A galaxy very similar to our Milky Way home has been found confounding astronomers with its location and age.
About a billion years after the Big Bang, things settled in the universe. It hasn’t changed much since then. But before this period, when the universe was still young, things were much more turbulent. At least that’s what we thought.
Galaxies are a case in point. About 50–80% of galaxies within 7 billion light-years or so of Earth are fairly ordered structures like our Milky Way. This order is most easily seen in the fact that they have a rotating disc shape.
When the universe was young, such order shouldn’t exist in galaxies.
Yet that’s exactly what new observations detailed in a paper published in the Monthly Notices of the Royal Astronomical Society show.
The galaxy in question is dubbed REBELS-25. It is at a red shift of z=7.31, which means that it is from a time when the universe was only 700 million years old.
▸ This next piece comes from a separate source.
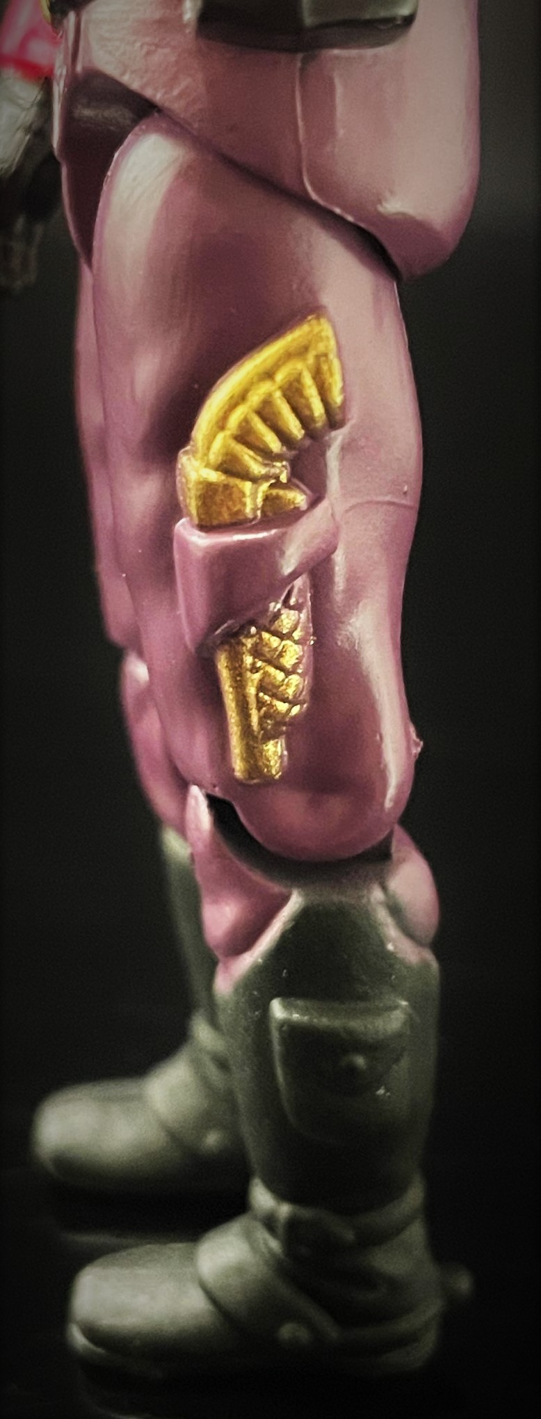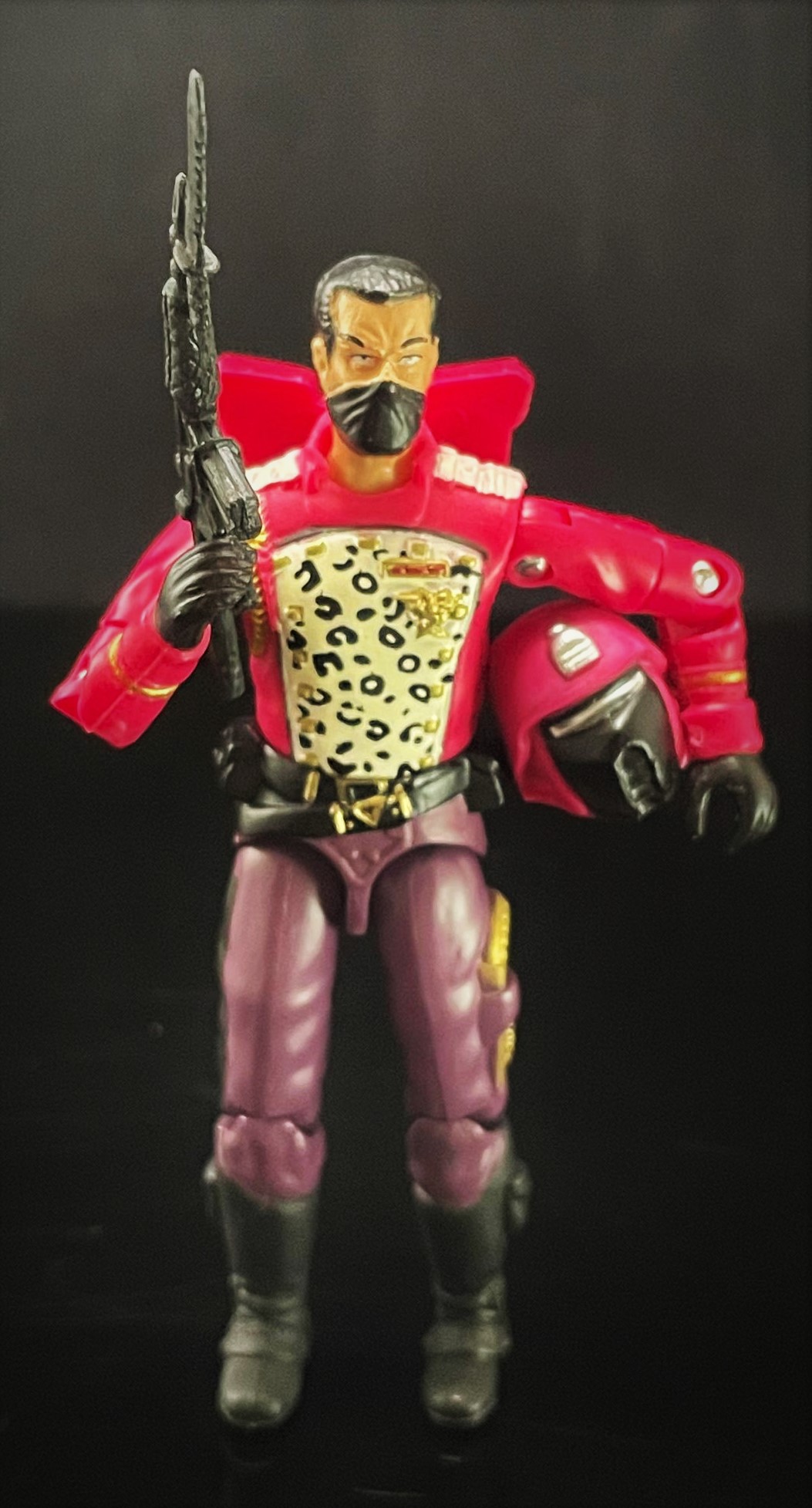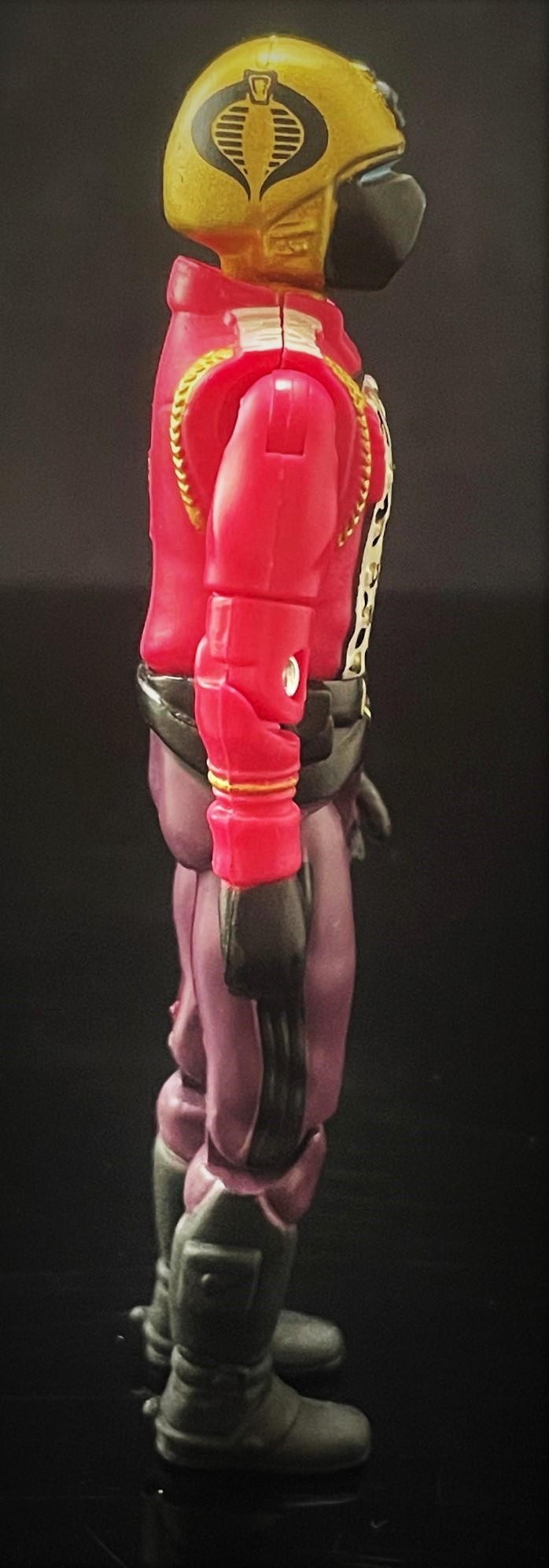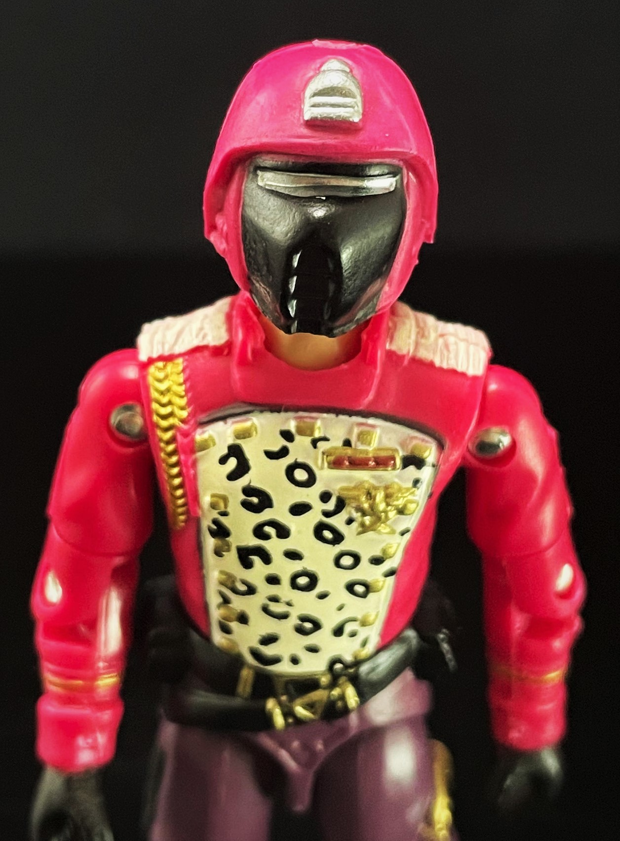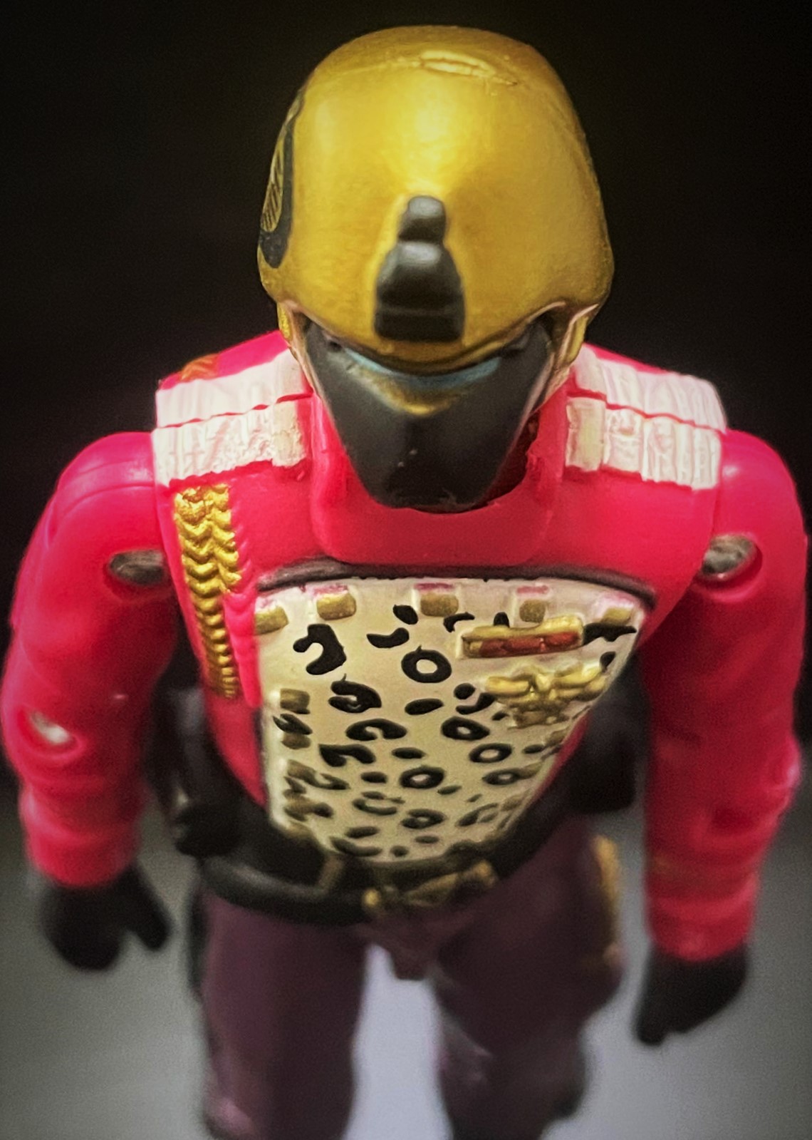 The Pimp Daddy deco really works well on the Crimson Guard mold, with leopard print just popping against the hues of red and plum, with gold highlights and a flat black that really ties everything together. The Gold CG helmet with that big Cobra Logo are just fun to look at, isn’t it?

The earliest galaxies ever seen are only a few hundred million years older.
REBELS by name rebel by nature. This odd galaxy has stumped astronomers because it shows evidence of an ordered structure and rotation. It may even have a central elongated bar and spiral arms, though further observation is needed to confirm these structures.
This is in contrast to the small, messy, lumpy and chaotic norm for galaxies of a similar age.
“According to our understanding of galaxy formation, we expect most early galaxies to be small and messy looking,” says co-author Jacqueline Hodge, an astronomer at Leiden University in the Netherlands.
Current theories suggest that structures like the rotating disc and spiral arms of galaxies like the Milky Way should take billions of years to form.
“Seeing a galaxy with such similarities to our own Milky Way, that is strongly rotation-dominated, challenges our understanding of how quickly galaxies in the early Universe evolve into the orderly galaxies of today’s cosmos,” says first author Lucie Rowland, a doctoral student at Leiden University.
The galaxy was detected and probed by the Atacama Large Millimeter/submillimeter Array (ALMA), in which the European Southern Observatory (ESO) is a partner.
“ALMA is the only telescope in existence with the sensitivity and resolution to achieve this,” adds co-author Renske Smit, a researcher at Liverpool John Moores University in the UK.